STAT3 stabilizes IKKα protein through direct interaction in transformed and cancerous human breast epithelial cells

Young Il Hahn, Soma Saeidi, Su Jung Kim, Se Young Park, Na Young Song, Jie Zheng, Do Hee Kim, Han Byoel Lee, Wonshik Han, Dong Young Noh, Hye Kyung Na, Young Joon Surh

Research output: Contribution to journalArticlepeer-review

5 Citations (Scopus)


Signal transducer and activator of transcription 3 (STAT3) and nuclear factor-κB (NF-κB) are two representative transcription factors that play a critical role in inflammation-associated tumorigenesis through multi-level cooperation. Unlike other types of tumors, breast carcinomas have shown a significant dependency on the non-classical NF-κB pathway as well as the classical one. The α subunit of the inhibitor of the κB kinase (IKK) complex, IKKα, is involved in both classical and non-classical activation of NF-κB. Although the cross-talk between STAT3 and NF-κB has been suggested in several studies, the interplay between STAT3 and the regulators of NF-κB including IKKα has not been fully clarified yet. In this study, we observed overexpression and co-localization of IKKα and STAT3 in human breast cancer tissues as well as in H-Ras transformed human breast epithelial (H-Ras MCF-10A) and breast cancer (MDA-MB-231) cells. By utilizing small interfering RNA (siRNA) technology, we were able to demonstrate that STAT3 up-regulated IKKα, but not IKKβ or IKKγ, in these cells. This was attributable to direct binding to and subsequent stabilization of IKKα protein by blocking the ubiquitin-proteasome system.

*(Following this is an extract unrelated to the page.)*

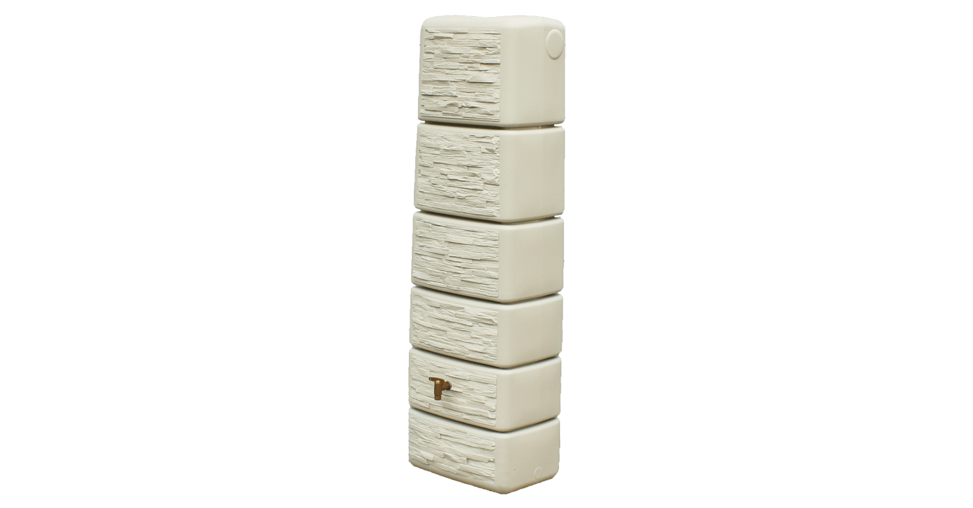 Zbiornik naścienny Slim w kolorze beżu piaskowego z łatwością zbierze do 300 litrów deszczówki z rur spustowych.
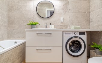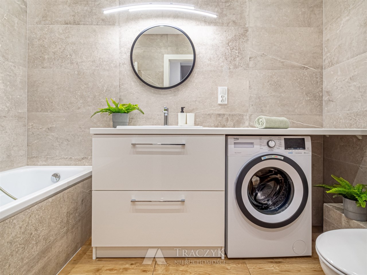 • łazienka w szafki do przechowywania, wannę z prysznicem, umywalkę, lustro, pralkę oraz toaletę,

Notably, we identified the lysine 44 residue of IKKα as a putative binding site for STAT3. Moreover, siRNA knockdown of IKKα attenuated viability, anchorage-independent growth and migratory capabilities of H-Ras MCF-10A cells. Taken together, these findings propose a novel mechanism responsible for NF-κB activation by STAT3 through stabilization of IKKα, which contributes to breast cancer promotion and progression. Thus, breaking the STAT3-IKKα alliance can be an alternative therapeutic strategy for the treatment of breast cancer.

Original languageEnglish
Article number82
Pages (from-to)1-15
Number of pages15
Issue number1
Publication statusPublished - 2021 Dec

Bibliographical note

Publisher Copyright:
© 2020 by the authors. Licensee MDPI, Basel, Switzerland.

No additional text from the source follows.